Figure 3. Chemical structure of lopinavir

 Lopinavir is strongly metabolized by cytochrome P450 3A4 enzymes (CYP3A4) in vivo and prevented from entering cells by membrane efflux pumps such as P-gp and MRP 2. In order to avoid the first-pass metabolism and efflux of lopinavir, its two derivatives, valine-valine-lopinavir (VVL) and glycine-valine-lopinavir (GVL), were comparably tested as polypeptide precursors. The dipeptides Val-Val and Gly-Val were ligated to the side chain hydroxyl group of lopinavir, forming the VVL and GVL polypeptide precursor drugs, respectively.[4]

 Figure 4. Lopinavir (LVR) polypeptide precursor drug VVL and GVL.

Enzymatic stability studies in Caco-2 cell homogenates show that the peptide precursor drug is first converted to an ester intermediate (amino acid precursor drug VL) and then finally to the parent drug LVR. Both VVL and GVL showed better solubility, metabolic, and intestinal permeability characteristics than the parent drug LVR. Since these precursor drugs are substrates for peptide transporter proteins, they can bypass efflux pumps to improve oral bioavailability. This advantage may also reduce the odds of developing resistance due to chronic exposure to LVR. Therefore, the effective delivery of polypeptide precursor drugs of LVR can improve the therapeutic effect, which has high clinical significance in HAART (highly effective antiretroviral therapy). A prodrug approach using peptide derivatives of LVR may be effective strategies to optimize the pharmacokinetic profile of LVR.

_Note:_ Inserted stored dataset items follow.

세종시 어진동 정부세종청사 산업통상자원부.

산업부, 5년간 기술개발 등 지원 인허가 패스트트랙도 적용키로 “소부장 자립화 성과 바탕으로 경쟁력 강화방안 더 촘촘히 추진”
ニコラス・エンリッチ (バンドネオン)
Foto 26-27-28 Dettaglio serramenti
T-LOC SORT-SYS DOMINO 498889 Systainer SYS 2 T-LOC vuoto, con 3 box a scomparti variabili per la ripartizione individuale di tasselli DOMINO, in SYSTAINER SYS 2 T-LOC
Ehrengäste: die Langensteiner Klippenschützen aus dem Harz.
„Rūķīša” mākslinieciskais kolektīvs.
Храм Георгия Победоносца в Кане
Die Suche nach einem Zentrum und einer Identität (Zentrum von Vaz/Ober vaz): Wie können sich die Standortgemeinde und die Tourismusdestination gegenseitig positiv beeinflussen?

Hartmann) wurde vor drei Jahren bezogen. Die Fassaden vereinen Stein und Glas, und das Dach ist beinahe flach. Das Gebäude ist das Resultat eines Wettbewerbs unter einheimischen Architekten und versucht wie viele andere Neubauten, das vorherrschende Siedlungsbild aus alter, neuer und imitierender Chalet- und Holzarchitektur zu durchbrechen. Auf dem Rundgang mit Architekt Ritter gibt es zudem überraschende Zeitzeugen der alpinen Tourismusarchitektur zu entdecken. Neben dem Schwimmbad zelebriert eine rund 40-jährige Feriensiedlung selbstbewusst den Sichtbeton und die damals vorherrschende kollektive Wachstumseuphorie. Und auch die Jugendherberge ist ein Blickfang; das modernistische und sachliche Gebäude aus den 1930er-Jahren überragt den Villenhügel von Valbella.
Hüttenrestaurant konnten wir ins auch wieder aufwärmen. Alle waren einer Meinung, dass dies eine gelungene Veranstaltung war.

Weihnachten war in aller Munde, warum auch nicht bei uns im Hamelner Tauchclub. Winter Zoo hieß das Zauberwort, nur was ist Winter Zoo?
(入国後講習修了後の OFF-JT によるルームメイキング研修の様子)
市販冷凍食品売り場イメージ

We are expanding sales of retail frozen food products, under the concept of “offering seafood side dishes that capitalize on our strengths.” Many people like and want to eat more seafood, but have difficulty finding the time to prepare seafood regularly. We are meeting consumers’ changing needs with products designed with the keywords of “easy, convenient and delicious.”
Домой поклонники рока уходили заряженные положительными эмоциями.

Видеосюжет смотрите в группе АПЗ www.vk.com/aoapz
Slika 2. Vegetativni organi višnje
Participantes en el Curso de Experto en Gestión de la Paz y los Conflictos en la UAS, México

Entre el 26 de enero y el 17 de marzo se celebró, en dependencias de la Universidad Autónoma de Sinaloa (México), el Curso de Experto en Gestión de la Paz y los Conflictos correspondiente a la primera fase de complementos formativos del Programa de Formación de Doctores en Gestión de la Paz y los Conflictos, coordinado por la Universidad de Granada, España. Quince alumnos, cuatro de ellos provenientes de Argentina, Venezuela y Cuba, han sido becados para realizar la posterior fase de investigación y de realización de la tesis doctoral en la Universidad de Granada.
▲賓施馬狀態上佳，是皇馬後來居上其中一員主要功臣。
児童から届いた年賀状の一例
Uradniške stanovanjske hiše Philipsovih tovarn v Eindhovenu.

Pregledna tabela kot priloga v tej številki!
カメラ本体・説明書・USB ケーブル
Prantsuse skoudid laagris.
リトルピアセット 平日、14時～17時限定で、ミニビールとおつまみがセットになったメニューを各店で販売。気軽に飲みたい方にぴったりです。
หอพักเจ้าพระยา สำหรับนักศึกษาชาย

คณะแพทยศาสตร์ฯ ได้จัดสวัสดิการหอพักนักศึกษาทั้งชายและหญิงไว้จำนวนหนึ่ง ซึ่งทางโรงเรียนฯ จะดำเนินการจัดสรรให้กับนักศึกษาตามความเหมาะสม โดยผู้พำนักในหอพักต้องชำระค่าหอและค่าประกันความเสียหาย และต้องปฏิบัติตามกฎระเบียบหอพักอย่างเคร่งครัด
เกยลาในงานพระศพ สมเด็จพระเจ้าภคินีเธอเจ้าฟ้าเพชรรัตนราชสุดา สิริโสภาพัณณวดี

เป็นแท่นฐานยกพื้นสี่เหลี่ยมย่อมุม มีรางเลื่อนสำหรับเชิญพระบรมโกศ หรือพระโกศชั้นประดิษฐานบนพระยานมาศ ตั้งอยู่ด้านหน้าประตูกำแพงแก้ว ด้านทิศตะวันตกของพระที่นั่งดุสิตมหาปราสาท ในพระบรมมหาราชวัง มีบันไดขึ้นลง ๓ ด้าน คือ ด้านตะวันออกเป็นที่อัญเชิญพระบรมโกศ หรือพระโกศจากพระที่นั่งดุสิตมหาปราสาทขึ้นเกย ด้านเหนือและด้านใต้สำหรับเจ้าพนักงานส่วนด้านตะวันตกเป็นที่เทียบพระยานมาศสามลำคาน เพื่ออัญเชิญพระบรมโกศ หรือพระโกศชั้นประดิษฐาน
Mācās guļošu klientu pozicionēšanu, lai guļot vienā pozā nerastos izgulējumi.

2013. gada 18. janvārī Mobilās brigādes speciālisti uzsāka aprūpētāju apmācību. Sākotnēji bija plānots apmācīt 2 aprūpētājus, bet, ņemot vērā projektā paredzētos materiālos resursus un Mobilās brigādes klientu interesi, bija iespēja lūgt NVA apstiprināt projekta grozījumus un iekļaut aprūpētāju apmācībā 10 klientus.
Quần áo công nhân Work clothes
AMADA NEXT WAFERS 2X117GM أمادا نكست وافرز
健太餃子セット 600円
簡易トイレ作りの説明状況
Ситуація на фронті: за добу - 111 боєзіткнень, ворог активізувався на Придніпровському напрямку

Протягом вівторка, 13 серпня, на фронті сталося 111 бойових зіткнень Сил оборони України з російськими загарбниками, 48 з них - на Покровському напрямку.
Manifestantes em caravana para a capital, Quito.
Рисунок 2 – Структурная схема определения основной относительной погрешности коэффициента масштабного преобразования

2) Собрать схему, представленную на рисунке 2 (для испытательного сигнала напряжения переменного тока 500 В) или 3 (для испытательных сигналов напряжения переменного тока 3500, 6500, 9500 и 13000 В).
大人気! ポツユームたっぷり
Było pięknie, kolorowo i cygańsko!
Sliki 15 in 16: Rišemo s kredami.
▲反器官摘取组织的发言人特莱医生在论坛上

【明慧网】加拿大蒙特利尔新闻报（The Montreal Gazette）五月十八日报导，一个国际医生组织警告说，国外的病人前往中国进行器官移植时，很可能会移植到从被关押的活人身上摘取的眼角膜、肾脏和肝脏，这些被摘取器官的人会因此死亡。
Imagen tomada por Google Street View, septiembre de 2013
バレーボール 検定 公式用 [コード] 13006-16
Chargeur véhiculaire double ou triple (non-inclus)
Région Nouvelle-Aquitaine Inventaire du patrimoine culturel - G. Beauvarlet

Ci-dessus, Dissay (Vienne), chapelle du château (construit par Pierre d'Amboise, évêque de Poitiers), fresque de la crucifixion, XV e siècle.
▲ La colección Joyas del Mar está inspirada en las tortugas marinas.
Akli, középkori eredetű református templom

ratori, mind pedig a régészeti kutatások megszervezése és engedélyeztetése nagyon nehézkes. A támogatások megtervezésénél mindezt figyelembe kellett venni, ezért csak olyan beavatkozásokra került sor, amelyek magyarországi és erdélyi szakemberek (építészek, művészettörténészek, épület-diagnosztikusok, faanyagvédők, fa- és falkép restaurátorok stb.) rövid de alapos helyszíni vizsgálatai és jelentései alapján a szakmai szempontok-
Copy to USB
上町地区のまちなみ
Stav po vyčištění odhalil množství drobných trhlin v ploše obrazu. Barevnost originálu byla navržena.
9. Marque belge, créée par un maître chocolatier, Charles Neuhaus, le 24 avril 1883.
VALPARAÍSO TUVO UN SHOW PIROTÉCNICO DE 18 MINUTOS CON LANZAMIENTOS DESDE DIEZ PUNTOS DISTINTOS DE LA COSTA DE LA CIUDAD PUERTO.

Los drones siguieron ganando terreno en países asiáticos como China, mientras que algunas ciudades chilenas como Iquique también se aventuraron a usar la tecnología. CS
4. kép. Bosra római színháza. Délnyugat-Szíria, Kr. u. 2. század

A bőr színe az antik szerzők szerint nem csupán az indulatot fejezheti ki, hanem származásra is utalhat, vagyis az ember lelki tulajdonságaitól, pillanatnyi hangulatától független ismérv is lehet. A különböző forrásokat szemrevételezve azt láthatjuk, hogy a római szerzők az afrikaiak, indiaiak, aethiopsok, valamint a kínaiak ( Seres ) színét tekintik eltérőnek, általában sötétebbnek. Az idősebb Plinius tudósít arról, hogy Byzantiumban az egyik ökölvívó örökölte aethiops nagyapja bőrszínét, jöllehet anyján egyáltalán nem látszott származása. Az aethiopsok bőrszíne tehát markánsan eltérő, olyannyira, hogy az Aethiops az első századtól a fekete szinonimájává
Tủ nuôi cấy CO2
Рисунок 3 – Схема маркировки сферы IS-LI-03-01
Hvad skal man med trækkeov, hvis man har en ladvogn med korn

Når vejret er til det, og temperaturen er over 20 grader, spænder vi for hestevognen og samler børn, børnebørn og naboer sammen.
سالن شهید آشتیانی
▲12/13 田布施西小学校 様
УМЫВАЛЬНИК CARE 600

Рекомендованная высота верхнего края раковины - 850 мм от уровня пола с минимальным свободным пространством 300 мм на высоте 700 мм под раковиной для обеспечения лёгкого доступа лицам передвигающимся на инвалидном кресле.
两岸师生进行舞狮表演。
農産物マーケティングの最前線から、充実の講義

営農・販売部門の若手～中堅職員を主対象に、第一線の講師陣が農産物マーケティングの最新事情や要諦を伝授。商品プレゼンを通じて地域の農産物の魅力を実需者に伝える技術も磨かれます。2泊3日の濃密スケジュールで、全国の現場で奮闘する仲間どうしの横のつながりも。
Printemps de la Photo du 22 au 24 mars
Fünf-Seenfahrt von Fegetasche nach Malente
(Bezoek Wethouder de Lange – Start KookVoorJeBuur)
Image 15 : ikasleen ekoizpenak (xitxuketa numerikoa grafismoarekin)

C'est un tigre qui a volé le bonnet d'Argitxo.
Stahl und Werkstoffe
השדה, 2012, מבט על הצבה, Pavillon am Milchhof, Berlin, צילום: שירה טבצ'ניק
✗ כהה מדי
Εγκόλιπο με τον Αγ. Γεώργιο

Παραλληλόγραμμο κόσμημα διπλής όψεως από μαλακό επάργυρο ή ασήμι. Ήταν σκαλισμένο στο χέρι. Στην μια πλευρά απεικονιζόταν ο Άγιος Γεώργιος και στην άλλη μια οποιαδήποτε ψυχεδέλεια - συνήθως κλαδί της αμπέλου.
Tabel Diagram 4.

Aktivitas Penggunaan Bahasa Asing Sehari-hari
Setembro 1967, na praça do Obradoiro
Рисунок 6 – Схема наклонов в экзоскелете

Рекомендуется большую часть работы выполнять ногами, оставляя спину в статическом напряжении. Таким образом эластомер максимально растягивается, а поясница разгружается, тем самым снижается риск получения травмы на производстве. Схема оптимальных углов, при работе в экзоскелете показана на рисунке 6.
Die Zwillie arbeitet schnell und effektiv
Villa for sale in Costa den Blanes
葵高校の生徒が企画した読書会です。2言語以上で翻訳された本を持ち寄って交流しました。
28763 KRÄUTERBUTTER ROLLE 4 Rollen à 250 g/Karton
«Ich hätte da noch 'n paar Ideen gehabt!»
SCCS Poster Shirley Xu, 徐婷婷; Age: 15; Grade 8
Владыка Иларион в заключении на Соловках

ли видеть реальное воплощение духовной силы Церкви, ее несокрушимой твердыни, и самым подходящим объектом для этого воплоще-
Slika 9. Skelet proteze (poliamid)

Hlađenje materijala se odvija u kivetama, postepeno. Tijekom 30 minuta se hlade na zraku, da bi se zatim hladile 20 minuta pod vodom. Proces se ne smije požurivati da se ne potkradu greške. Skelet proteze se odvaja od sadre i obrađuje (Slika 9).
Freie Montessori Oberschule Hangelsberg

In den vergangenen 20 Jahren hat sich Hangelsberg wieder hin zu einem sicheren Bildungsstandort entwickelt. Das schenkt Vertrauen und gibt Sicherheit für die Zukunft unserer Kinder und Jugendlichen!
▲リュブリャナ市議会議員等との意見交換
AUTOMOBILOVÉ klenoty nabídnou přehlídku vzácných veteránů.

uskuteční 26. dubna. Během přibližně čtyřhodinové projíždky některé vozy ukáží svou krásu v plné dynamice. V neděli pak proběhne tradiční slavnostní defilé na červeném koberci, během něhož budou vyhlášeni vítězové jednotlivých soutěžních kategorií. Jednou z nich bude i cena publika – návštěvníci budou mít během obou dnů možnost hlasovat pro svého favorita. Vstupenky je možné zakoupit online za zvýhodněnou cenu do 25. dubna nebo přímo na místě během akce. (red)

Figure 5. Reaction process of the polypeptide precursor drug VVL (LVR) with GVL.

sum up

 In contrast to the permanent change in the structure of the polypeptide drug, the polypeptide precursor drug strategy focuses on temporarily changing the structure of the peptide molecule, so as to change the physical and chemical properties and metabolic performance of the molecule, thus increasing the permeability of the intestinal mucosa and improving the metabolic stability of the molecule. With the enthusiasm for the development and development of oral peptide drugs, the polypeptide precursor drug strategy will also usher in a new stage of development to promote the ultimate goal of oral peptide drugs.

reference material:

[1] A.H.Kahns, A.Buur, H.Bundgaard.Prodrugs of peptides.18. Synthesis and evaluation of various esters of desmopressin (dDAVP).Pharm.Res .1993, 10, 68-74.

[2] R.A.Conradi, A.R.Hilgers, N.F.H.Ho, P.S.Burton.The influence of peptide structure on transport across Caco-2 cells.II.Peptide bond modification which results in improved permeability.Pharm.Res., 1992, 9, 435-439.

[3] Giovanni M.Pauletti et al.Improvement of oral peptide bioavailability: Peptidomimetics and prodrug strategies.Adv.Drug Delivery Rev .1997, 27, 235-256.

[4] Sheetal Agarwal et al.Peptide prodrugs: Improved oral absorption of lopinavir, a HIV protease inhibitor.Int.J.Pharm.2008, 359, 7-14.